Out of the washing machine | Lifestyle.INQ

OCTOBER 27, 2022

I was so wrung dry by four years of Forever 81’s relentless weekly deadlines that I just had to take a break (or a breakdown). I am too old for marathons. For weeks I couldn’t write, I couldn’t paint, I couldn’t do anything creative (maybe a salad?!).

 

So I crept into my bed, swallowed by my wigwam-shaped mosquito net and began to read. I didn’t realize how much I had missed time for reading and so pursued it with a passion.

 

I began with the “Republic of Wine” by Mo Yan, 2012 Nobel Prize for Literature. It is a comic, as well as horrific, satire on “the lost soul of my country” and especially for the legendary gourmandise of the Chinese. They had eaten everything under the sun—plants, insects, animals—and now it was rumored, babies! And so the Chief Inspector was sent to investigate if it was so. Find out! It is a mad, exquisite read.

 

A book he said he wept over was suggested to me by Neil Garcia, “A Little Life,” again by an Asian, Hanya Yanagihara, whom one would suppose is an American citizen since she lives in New York.

 

In spite of what struck me as a really maudlin picture of a weeping man on its dust jacket, it is a really interesting if simplistically plotted story.

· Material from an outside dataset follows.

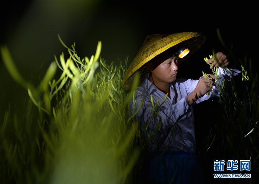 7月12日凌晨,祁東縣官家嘴鎮(zhèn)草源沖村,一名菜農(nóng)戴著頭燈采摘黃花菜。

Four friends—lawyer, actor, artist, architect—are followed through their successes and pitfalls, both heartbreaking and inevitable. I was about to abandon it, but I paid so much for the book and thus continued reading. And in the end I found each of the lives, especially Jude’s, heart-rending and unforgettable.

Saga

 

How can you not weep over the saga of Jude, who had been found by the garbage can of a monastery, grew up abused in the most cruel ways by the monks and in subsequent shelters. Even as an adult trial lawyer, when depressed, Jude cuts his wrists (not deeply enough to die) but often. Thus he has to wear long-sleeved shirts all the time, also to cover his back, scarred from endless beatings in his childhood. He can never talk about his unspeakable past, even to the friends who love him. But the secrets are revealed to the reader.

 

I was initially turned off by “A Little Life’s” dust jacket of a pained man’s face but I decided to read it through, and it was excellent! Never judge a book by its cover.

 

A Philippine Literary Festival was put up in Raffles Hotel in August. There were different rooms for different topics and a table each of authors to answer one’s questions. I think the topics were, from “food” with Felice Sta. Maria (whose writings I had followed through the years) to “editing and publishing,” headed by Myrza Sison (Summit media star).

 

I bought “From the Crocodile’s Belly”—the ultimate sourcebook on the native shamans (babaylan) who were fed to crocodiles during the Spanish times.

 

The table for gay literature is always the most fun. I don’t know if the seating was on purpose. From the hirsute, macho-looking Neil Garcia (most of whose books I own) to the pouting charmer Danton Remoto, to the handsome Jack Wigley, a Fil-am, to the pretty transgender lady at the extreme right, fair complexioned, fine featured, curvy, no muscles. I could only afford several more books: “Happy Na, Gay Pa,” a flippant title for a very practical book by Danton Remoto (please vote for him in the 2016 elections), and Jack Wigley’s “Falling Into The Manhole,” an engaging and frank memoir of a Fil-am gay born in Pampanga (Clark).

 

Who says Filipinos don’t read?! National Book Store’s cashier’s box was so full it broke down!